Josh Gillam’s review published on Letterboxd:
When thief Harry Lockhart (Robert Downey Jr) inadvertently wins a screen test he’s sent to Hollywood, becoming embroiled in a murder investigation alongside a gay private eye (Val Kilmer) and a struggling actress (Michelle Monaghan), in Shane Black’s black comedy mystery co-starring Corbin Bernsen, Shannyn Sossamon and Larry Miller.

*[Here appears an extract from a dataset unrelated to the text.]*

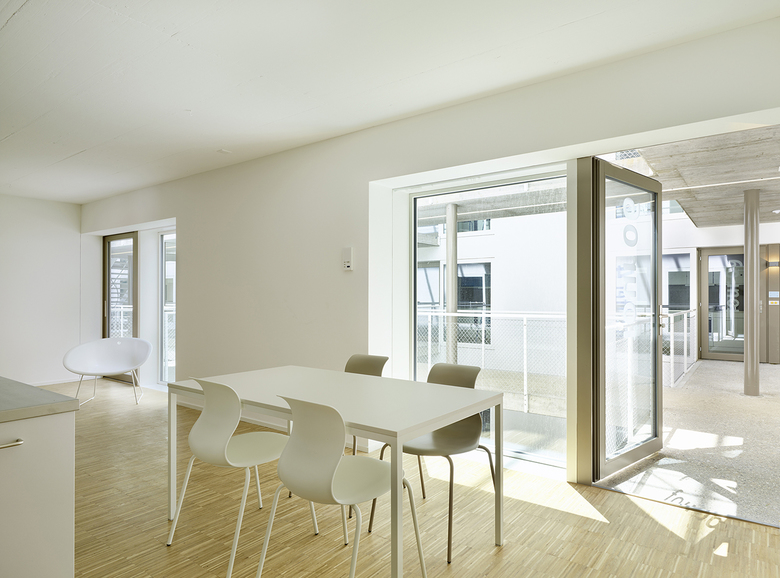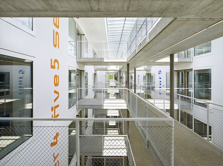 Vier einbündige von Ost nach West verlaufende Zeilenbauten werden zu zwei Wohnhäusern mit zentralem Erschliessungshof gruppiert. Ein zweigeschossiges Randgebäude im Osten, dem ETH-Campus zugewandt, verbindet und verdichtet die beiden sechs- und siebengeschossigen Baukörper zu einem städtischen Gebäudekonglomerat. Nach Westen öffnen sich die vier Zeilen zur Landschaft. Um der Lage des Grundstücks am Übergang von Stadt und Landschaft gerecht zu werden, sind die Baukörper in Länge und Höhe gestaffelt. Dichte und Höhe steigern sich von Südwest nach Nordost, von der Landschaft zur Stadt. Zwischen den Volumen entwickelt sich ein dichtes Netz von Erschliessungswegen, die durch mehrere Räume mit unterschiedlichen Abstufungen von Öffentlichkeit und Privatheit führen. Diese entwickeln sich analog zur Volumetrie vom öffentlichen Stadtplatz im Nordosten zum semiprivaten Aussenraum im Südwesten.

An irreverent, darkly witty sensibility runs through the film, with Black’s gift for snappy dialogue and tight plotting shining through. He’s able to walk that fine balance between sending up tropes while also embracing them, creating a genuinely engaging mystery that never takes itself seriously. There’s a pulpy, hazy atmosphere that feels like one of those old detective paperbacks brought to life, shot through with a postmodern knowingness that enhances the humour.
At just over an hour and a half hardly a moment feels wasted, propelled along by an infectious energy that’s a joy to watch, with the energetic and inventive narration style quickly drawing me in, the inventive way of telling the story providing a lot of the humour. Black knows the key to a good noir is less about the actual case and more to do with the people solving it, and it’s ultimately the strong characters that make it work so well.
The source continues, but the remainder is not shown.